| Problem requirements |
Among the entries below, find the line with "A spacious 400" and the line with "然而,当永州在湘超夺冠之后,唐女士并未履约,而且清空了个人媒体账号。 此举引发网友们的热议。 好在球队表态,对赞助商表示了感谢。". Return exactly those lines and every line between them, but no pictures.

| Input records |
.....

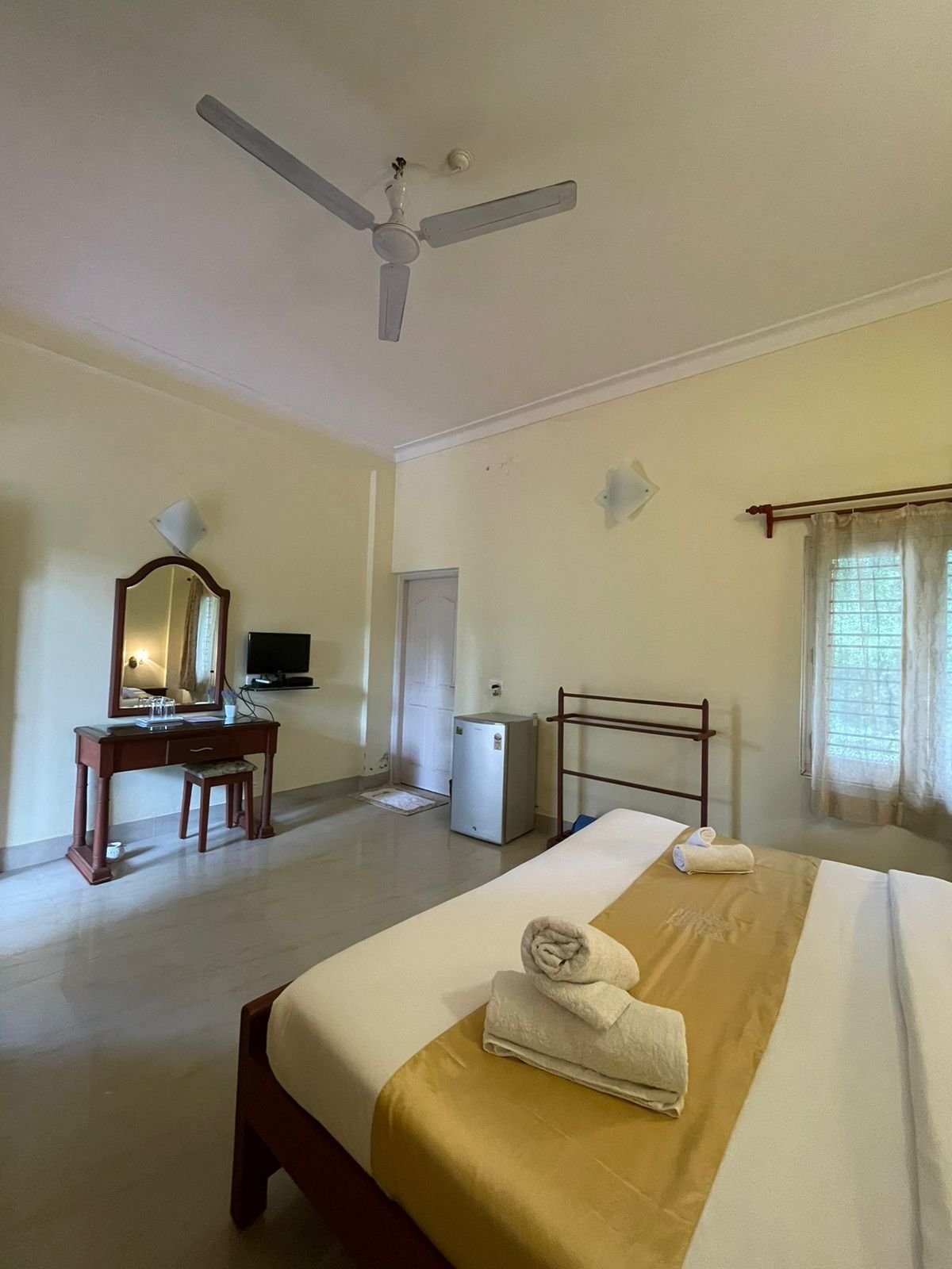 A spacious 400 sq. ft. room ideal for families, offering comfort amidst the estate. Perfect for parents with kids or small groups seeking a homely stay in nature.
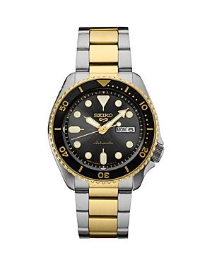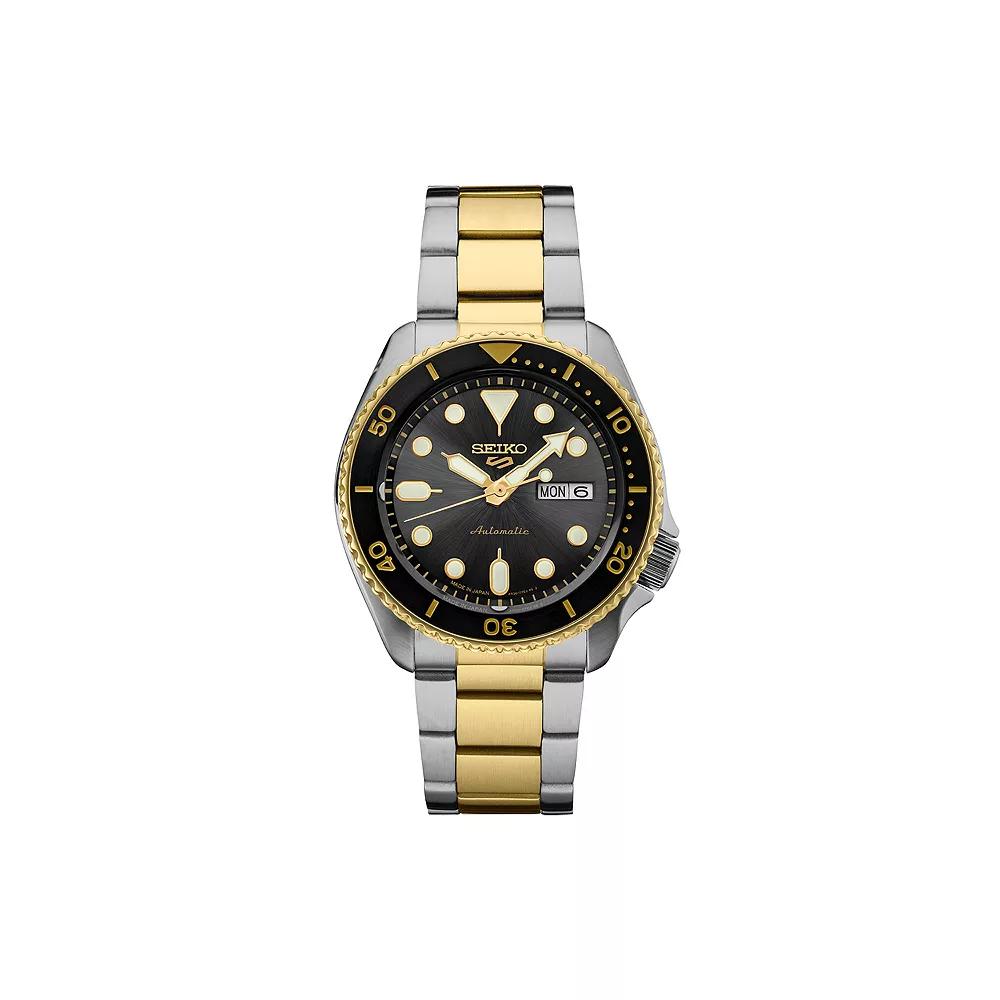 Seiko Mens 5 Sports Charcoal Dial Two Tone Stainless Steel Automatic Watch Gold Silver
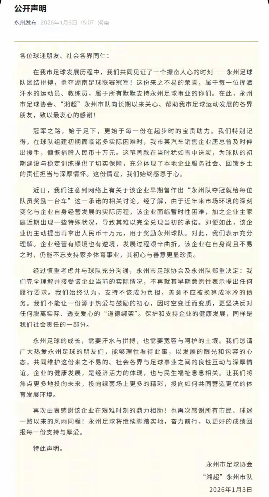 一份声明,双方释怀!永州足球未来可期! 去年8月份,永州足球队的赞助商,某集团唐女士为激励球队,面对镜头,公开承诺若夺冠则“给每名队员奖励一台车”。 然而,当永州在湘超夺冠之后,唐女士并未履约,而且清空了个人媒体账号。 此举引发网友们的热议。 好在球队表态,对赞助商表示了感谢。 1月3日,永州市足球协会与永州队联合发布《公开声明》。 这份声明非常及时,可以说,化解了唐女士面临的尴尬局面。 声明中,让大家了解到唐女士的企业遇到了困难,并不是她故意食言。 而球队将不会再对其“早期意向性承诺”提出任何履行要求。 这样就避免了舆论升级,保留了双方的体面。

.....

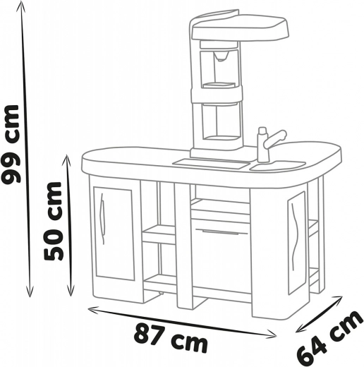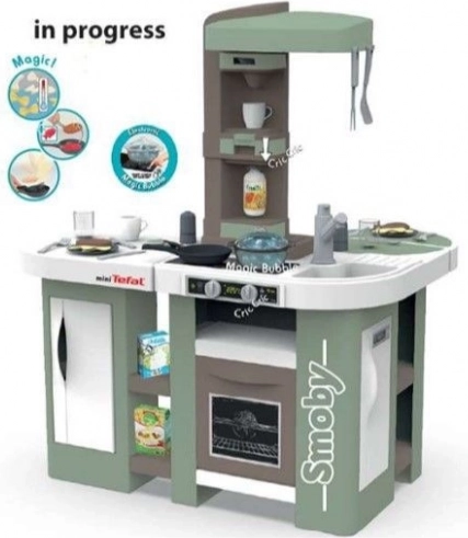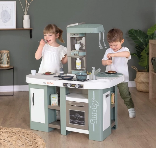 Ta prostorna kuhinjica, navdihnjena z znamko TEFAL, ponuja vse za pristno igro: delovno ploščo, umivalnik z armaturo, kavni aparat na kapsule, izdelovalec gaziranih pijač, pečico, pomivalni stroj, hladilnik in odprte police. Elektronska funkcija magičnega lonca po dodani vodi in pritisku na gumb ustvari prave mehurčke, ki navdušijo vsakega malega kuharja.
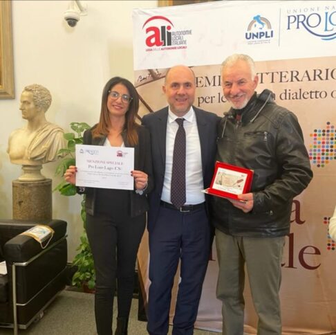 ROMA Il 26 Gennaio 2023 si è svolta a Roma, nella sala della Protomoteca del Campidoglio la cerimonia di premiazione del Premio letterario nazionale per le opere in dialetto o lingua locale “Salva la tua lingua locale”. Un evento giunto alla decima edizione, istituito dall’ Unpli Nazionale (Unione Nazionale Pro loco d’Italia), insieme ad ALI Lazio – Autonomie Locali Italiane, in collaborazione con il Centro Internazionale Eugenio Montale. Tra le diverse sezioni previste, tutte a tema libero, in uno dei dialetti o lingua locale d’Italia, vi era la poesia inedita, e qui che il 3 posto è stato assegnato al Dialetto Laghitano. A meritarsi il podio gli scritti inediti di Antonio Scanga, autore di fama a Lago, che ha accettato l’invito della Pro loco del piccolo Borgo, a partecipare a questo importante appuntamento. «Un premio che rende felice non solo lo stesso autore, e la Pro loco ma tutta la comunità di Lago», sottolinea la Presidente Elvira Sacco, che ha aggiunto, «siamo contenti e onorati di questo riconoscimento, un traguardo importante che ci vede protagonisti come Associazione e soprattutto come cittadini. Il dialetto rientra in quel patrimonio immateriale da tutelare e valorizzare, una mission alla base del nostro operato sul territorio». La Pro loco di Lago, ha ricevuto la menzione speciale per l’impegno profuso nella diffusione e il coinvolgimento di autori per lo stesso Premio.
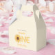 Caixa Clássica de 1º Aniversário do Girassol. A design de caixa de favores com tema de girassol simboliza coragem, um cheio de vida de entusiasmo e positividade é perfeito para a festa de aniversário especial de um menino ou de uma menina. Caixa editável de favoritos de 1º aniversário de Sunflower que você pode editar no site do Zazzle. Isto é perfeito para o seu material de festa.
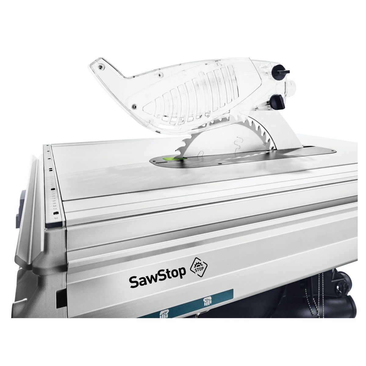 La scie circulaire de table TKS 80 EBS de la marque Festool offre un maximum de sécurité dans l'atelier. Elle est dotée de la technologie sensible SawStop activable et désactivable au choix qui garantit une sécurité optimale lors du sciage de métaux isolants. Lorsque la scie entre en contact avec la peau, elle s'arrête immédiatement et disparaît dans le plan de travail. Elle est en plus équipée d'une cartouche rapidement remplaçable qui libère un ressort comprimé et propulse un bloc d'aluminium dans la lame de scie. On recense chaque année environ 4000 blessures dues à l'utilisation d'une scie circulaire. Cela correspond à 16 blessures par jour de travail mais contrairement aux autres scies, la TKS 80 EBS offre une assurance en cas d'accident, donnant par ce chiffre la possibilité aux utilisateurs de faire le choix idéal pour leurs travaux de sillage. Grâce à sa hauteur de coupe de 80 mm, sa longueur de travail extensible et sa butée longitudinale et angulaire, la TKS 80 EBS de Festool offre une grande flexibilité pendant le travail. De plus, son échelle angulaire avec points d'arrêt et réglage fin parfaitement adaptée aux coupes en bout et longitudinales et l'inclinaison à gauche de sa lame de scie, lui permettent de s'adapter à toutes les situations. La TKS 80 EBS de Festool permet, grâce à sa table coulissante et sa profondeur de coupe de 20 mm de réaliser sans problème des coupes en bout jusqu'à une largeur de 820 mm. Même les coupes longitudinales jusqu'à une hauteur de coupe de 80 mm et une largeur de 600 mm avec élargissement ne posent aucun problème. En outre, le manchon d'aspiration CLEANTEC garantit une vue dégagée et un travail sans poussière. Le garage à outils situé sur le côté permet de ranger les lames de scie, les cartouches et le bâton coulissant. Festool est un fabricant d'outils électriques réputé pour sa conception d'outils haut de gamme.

.....

| Task answer |
 A spacious 400 sq. ft. room ideal for families, offering comfort amidst the estate. Perfect for parents with kids or small groups seeking a homely stay in nature.
 Seiko Mens 5 Sports Charcoal Dial Two Tone Stainless Steel Automatic Watch Gold Silver
 一份声明,双方释怀!永州足球未来可期! 去年8月份,永州足球队的赞助商,某集团唐女士为激励球队,面对镜头,公开承诺若夺冠则“给每名队员奖励一台车”。 然而,当永州在湘超夺冠之后,唐女士并未履约,而且清空了个人媒体账号。 此举引发网友们的热议。 好在球队表态,对赞助商表示了感谢。 1月3日,永州市足球协会与永州队联合发布《公开声明》。 这份声明非常及时,可以说,化解了唐女士面临的尴尬局面。 声明中,让大家了解到唐女士的企业遇到了困难,并不是她故意食言。 而球队将不会再对其“早期意向性承诺”提出任何履行要求。 这样就避免了舆论升级,保留了双方的体面。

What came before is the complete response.